Subscriber and Workshop Member
Well, it's too late to stop now. Edges at infinity. Left to right, Leica 100/2, Hasselblad HC 100/2.2, Hasselblad Zeiss 110/2

Wide open - The Leica is pretty clean. The HC100 is a bit soft, reflecting its deliberately curved field, better for portraits. The Zeiss is, again, dreamy, and fringed - between S100 and HC100 in edge sharpness.


f/2.8 - HC100 sharpening, Z110 getting less fringe.


f/4 - fringing pretty much gone. A bit of softness in the HC100


f/5.6 - All sharp and ready for landscape/architecture.

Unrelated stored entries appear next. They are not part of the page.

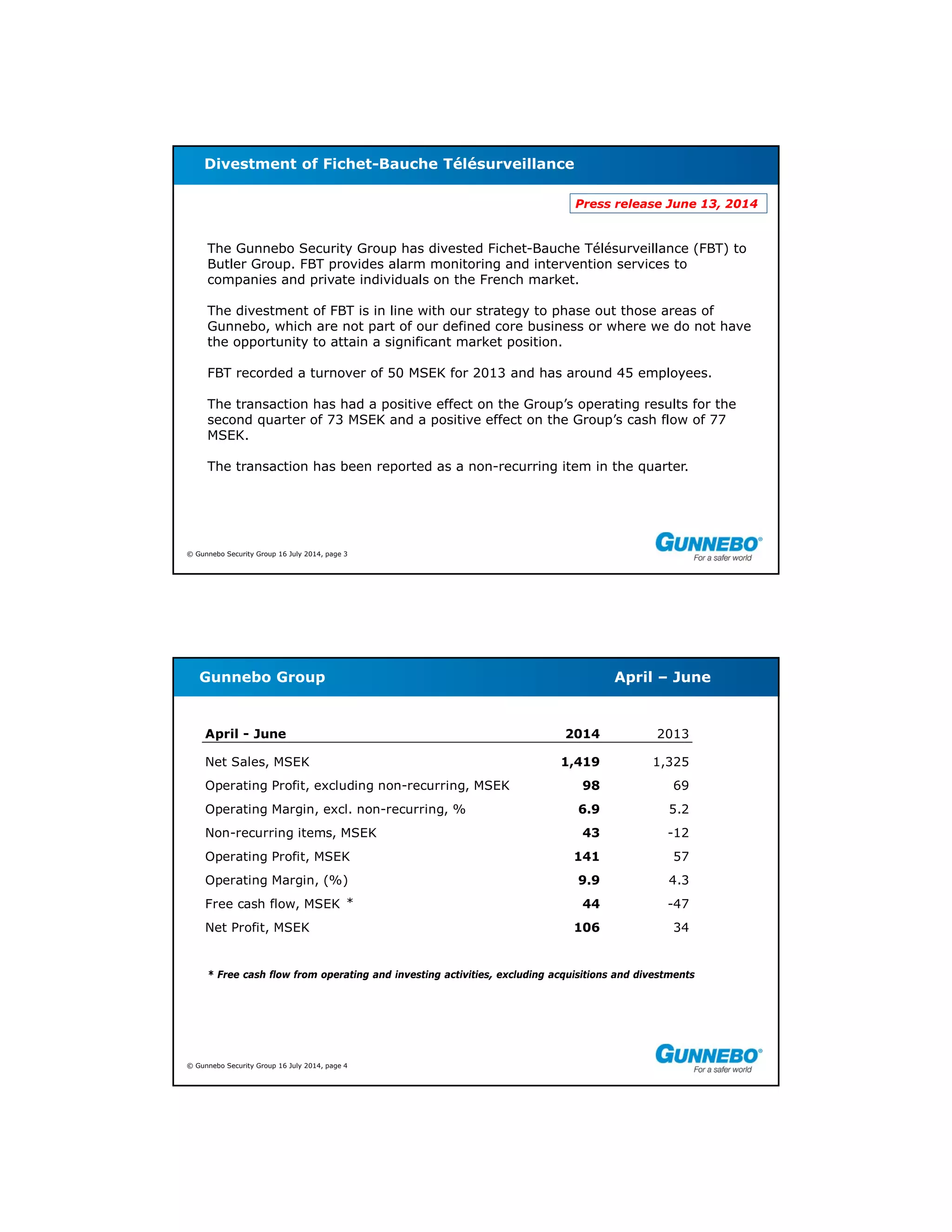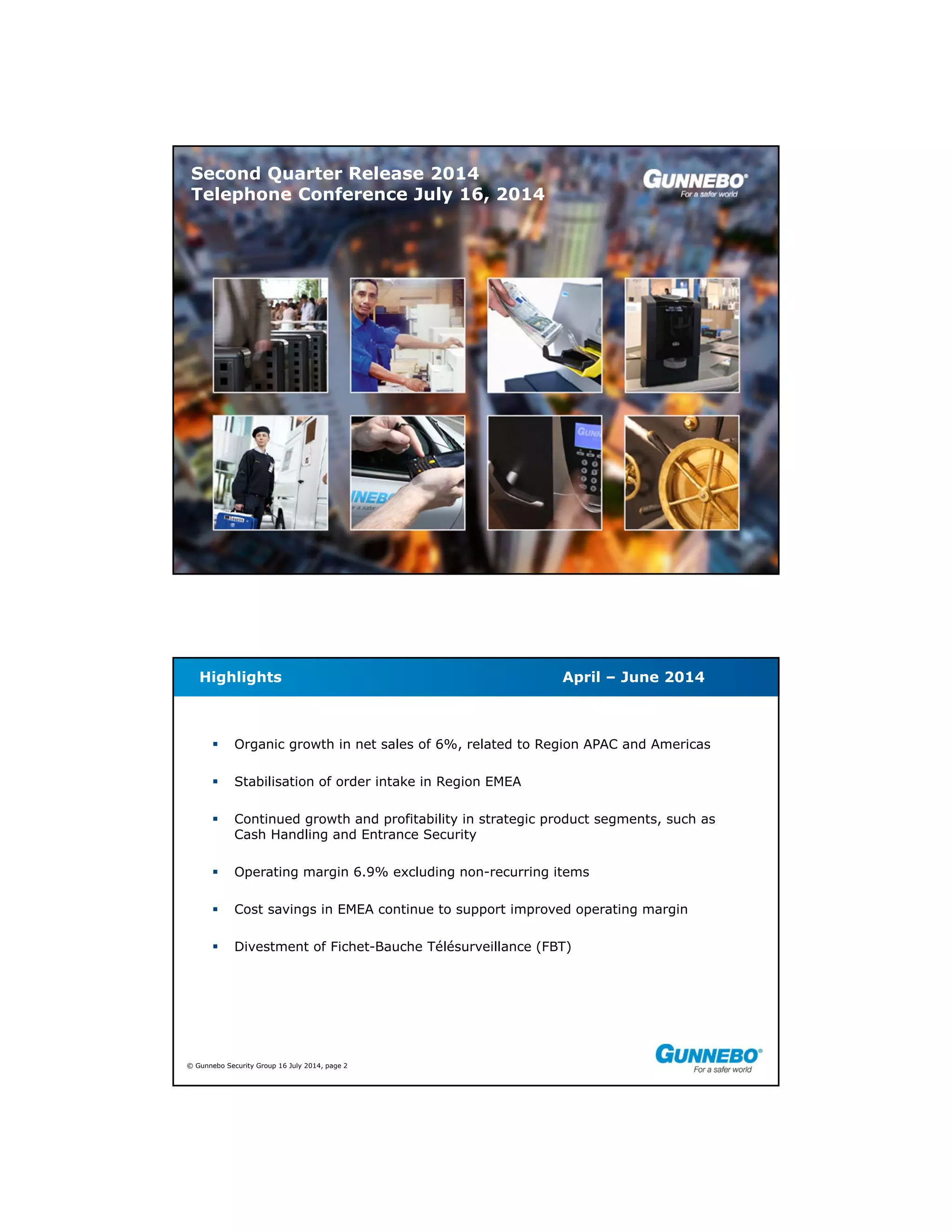 Gunnebo reported financial results for the second quarter of 2014. Net sales increased 6% organically driven by growth in the Americas and APAC regions. The operating margin was 6.9% excluding non-recurring items. Gunnebo divested its Fichet-Bauche Télésurveillance business and used the proceeds to reduce debt. For the full first half of 2014, net sales increased 5% organically while operating margin was 5.1% after excluding non-recurring items.
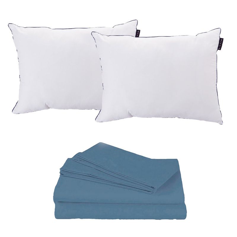 Juego de Sábanas King Size Dicasa Soft Azul Acero + 2 Almohada One CZD
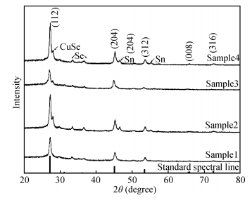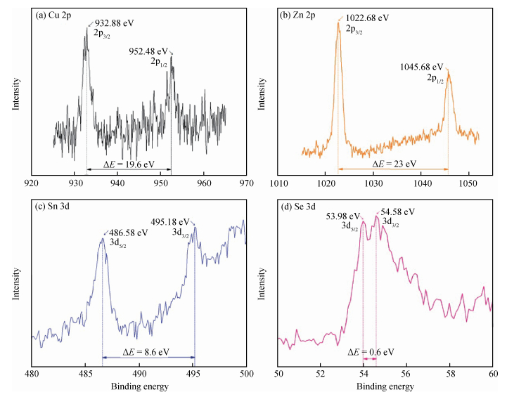 The CuZnSn(CZT) precursor thin films are grown by ion-beam sputtering Cu, Zn, Sn targets with different orders and then sputtering Se target to fabricate Cu2ZnSnSe4(CZTSe) absorber thin films on molybdenum substrates. They are annealed in the same vacuum chamber at 400℃. The characterization methods of CZTSe thin films include X-ray diffraction(XRD), energy dispersive spectroscopy(EDS), scanning electron microscopy(SEM), and X-ray photoelectron spectra(XPS) in order to study the crystallographic properties, composition, surface morphology, electrical properties and so on. The results display that the CZTSe thin films got the strongest diffraction peak intensity and were with good crystalline quality and its morphology appeared smooth and compact with a sequence of Cu/Zn/Sn/Se, which reveals that the expected states for CZTSe are Cu1+, Zn2+, Sn4+, Se2+. With the good crystalline quality and close to ideal stoichiometric ratio the resistivity of the CZTSe film with the sequence of Cu/Zn/Sn/Se is lower, whose optical band gap is about 1.50 eV.

Note: If you look back at the center crops, you can see that the HC100/2.2 was quite sharp there. This is not just a misfocused image.

Next up, the Tree or "Subjects that can hold a pose"

Matt.
 

MGrayson

Subscriber and Workshop Member
Our friend Northern Red Oak agreed to sit for a portrait. Distance around 10 feet.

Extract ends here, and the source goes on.